In the two studies from the OptiMom project that I have discussed here recently (the study above and the comparison between artificial formula and donor human milk as supplements), the frequency of NEC in the groups that received mother’s milk, with a donor human milk supplement as necessary, and bovine fortifier, was very similar at just under 5%.
If we calculate the cost-effectiveness of an exclusive human milk based diet by assuming that the human milk diet completely eliminated NEC (which isn’t likely to be true, see below), then we can redo the analysis of Ganapathy.
Using a 5% frequency of NEC you can use the same calculations as Ganapathy did, to calculate the additional costs of NEC, basically, at an incidence of 16%, the costs of NEC per baby were about $24,000, so at 5% the additional costs per baby average somewhere around $8000. Human milk based fortifier is then not quite cost-effective even if you completely eliminated NEC! Of course cost-effectiveness is not the only concern: if you can truly prevent NEC then that is worth something! It certainly seems highly unlikely that a new large trial will show NEC to be completely eliminated by human-milk based fortifier, decreasing from 5% to 0%.
In the new study babies randomized to the human-milk based fortifier had an incidence of NEC of 5%; in the older study Sullivan S, et al. An Exclusively Human Milk-Based Diet Is Associated with a Lower Rate of Necrotizing Enterocolitis than a Diet of Human Milk and Bovine Milk-Based Products. The Journal of pediatrics. 2010;156(4):562-7.e1. The exclusive human milk group had an incidence of NEC of 6%.
That means that in total there are about 29+138+64 (=231) babies from the randomized trials who have received an exclusive human milk based diet, and in those 3 groups there were 12 cases of NEC stage 2 or more. For an incidence of just under 5%, and 95% confidence intervals of just under 3% to just over 9%, 99% confidence intervals are 2.2% to 10%
So it seems unlikely that a larger study would show a complete elimination of NEC, and cost-efficacy will depend on whether NEC really is decreased by replacing bovine-protein based fortification with human-milk based fortification.
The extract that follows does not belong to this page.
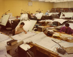 Description :VUE INTERIEURE DU BUREAU DU DEPARTEMENT DES INGENIEURS SOUS DEUX ANGLES DIFFERENTS. - 5.1 - VUE D'ENSEMBLE DU BUREAU OU QUELQUES TABLES A DESSIN SONT ALIGNEES. AU FOND A DROITE, UNE BIBLIOTHEQUE LONGE LE MUR. AU PREMIER PLAN, LES TABLES DE TRA...
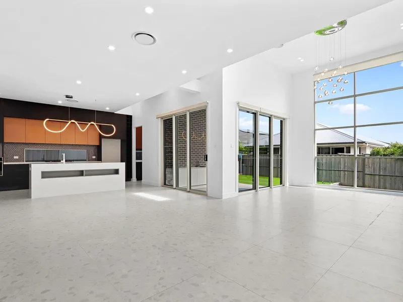 At the heart of the home is a stunning kitchen boasting 40mm stone benchtops, a large island bench, 900mm stainless steel oven and gas cooktop, perfectly positioned to overlook the open plan living and dining area. A separate lounge room provides an additional living space ideal for relaxing or entertaining.

It seems from the available studies that supplementing mother’s own milk with a pasteurized donor milk when there is not enough mother’s milk, decreases NEC, even when the milk is fortified with bovine milk products. In contrast there are no reliable data that going the next step and replacing the fortifier with a human-milk based product has any influence on the primary outcome of O’Connor, which was major feeding interruptions, or any of the other indicators of tolerance, which were very similar between the groups. It may be that diluting the bovine proteins in human milk, rather than giving a full feed of bovine-based milk, has very different impacts on gut inflammation. If there is an impact on NEC it is probably quite small. Growth variables were also no different between groups, partly because, probably, the human milk based group were immediately fortified to a higher assumed calorie density than the bovine based fortification group. With this difference in feeding approach, the weight, length, and head circumference remained very similar.
Late onset sepsis was numerically lower in the human milk based group, but may have been due to random error, Intriguingly though, severe retinopathy was much lower in the human milk based group (RoP needing intervention or stage 4 or 5) 6 cases (bovine fortifier) vs 1 case (human fortifier). Retinopathy of all grades was very similar in Sullivan’s study, and Cristofalo’s by diet group; so this might just be a chance, finding, but needs to be pursued in other epidemiologic work.